In America, beer taxes do not increase as the alcohol content increases, making it an easy decision for a small microbrewer to make an Imperial Stout or a Strong Ale bordering on 15% ABV. And then there’s that question – what is CRAFT beer? Well we can certainly state what is a craft brewery according to the Brewer’s Association of America:

In America, according to the Brewers Association (, a craft brewery is defined as "small, independent and traditional", where "small" is expressed to be "annual production of 6 million barrels of beer or less" and "independent" means at least 75% of the brewery is owned/managed by a craft brewer, and "traditional" constitutes that the beer’s volume contains at least 50% "traditional or innovative" ingredients… whilst ‘traditional’ and ‘innovative’ may not be mutually exclusive, they do seem to be antonymous to one another but maybe that’s just me… 6 million barrels seems like a lot of beer to me, but then again the amount of beer spilled down the drain on the packaging line at a big commercial brewery is more than I brew in a year!

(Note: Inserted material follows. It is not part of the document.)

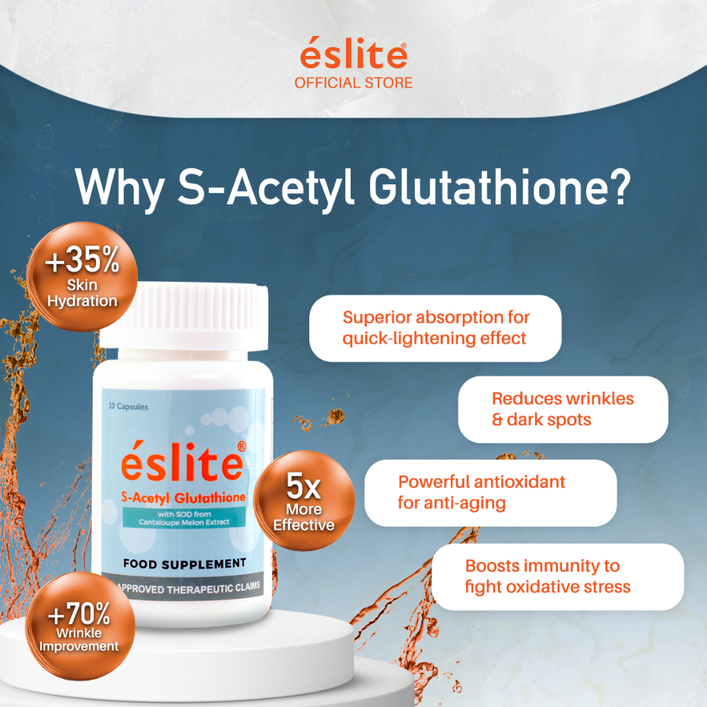 [OFFICIAL] Eslite S-Acetyl Glutathione (Anti Aging and Skin Whitening Gluta Capsule) 30 Capsules

No use crying over spilt beer... l Source:

No use crying over spilt beer... lSource:

At the end of the day, despite the obvious science behind the brewing process, the head brewer is like an artist, creating their own unique work of art using a wide variety colours in their pallet (or flavours in their palate… see what I did there?? Ha!). You can be an excellent technical brewer by understanding the science behind the catalysis of enzymes and flocculation patterns of different yeasts, but to produce a truly beautiful, unique and memorable beer, you must have a certain level of creativity and natural flair for recipe development. Any beer can be measured in metric terms, but a great beer is loved and remembered by you because it stands out from the rest in your palate’s opinion. Deliciousness is in the taste buds of the drinker!